─── PROVIDED DATA

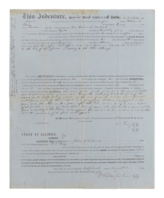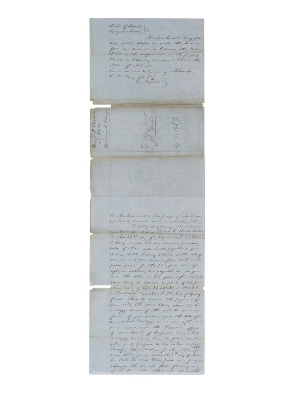 A very rare archive of real estate and legal documents related to a single six-year-long real estate case administered and litigated by Lincoln on behalf of a relative, and dating to the critical period of his rise to national prominence.
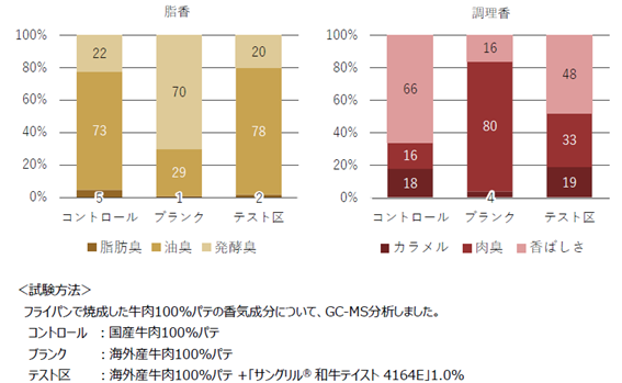 サングリル®和牛テイスト4164Eを海外産パテに使用した際の香気成分比較
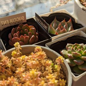 寒空の下うちの多肉さんたちが光合成中です。 曇っているので、効率はよくないと思います🌥️。 12/29にお迎えしたオウレイちゃんとピンクルビーちゃんは数日間お部屋でうちに慣れてもらった後に、紅葉させたいからベランダに出しました。 12/29のpicと比べてオウレイちゃんは黄色っぽく、ピンクルビーちゃんもピンクがかかってきました。 だだ、虹の玉ちゃんは1ヶ月以上ベランダに出しているのに真っ赤にはなりません。 気温高過ぎなのかな🤔。 ゴールデンカーペットちゃんは紅葉しないからそのままでもいいけど、もふもふ(ノ)•ω•(ヾ)に繁って欲しいです。 一番右のセダムは種類がわかりません。(お迎えしたときはセダムとしか書かれてなかった) もしお分かりになりましたら、教えて下さい🙇。 ➡️リトルミッシーではとのご回答がありました。ありがとう😆💕✨ございました。

──────

Please return exactly the lines above, from where the listing starts to the line holding "サングリル®和牛テイスト4164Eを海外産パテに使用した際の香気成分比較", inclusive, with the pictures omitted.

-- RESPONSE TO THE EXERCISE --
 A very rare archive of real estate and legal documents related to a single six-year-long real estate case administered and litigated by Lincoln on behalf of a relative, and dating to the critical period of his rise to national prominence.
 サングリル®和牛テイスト4164Eを海外産パテに使用した際の香気成分比較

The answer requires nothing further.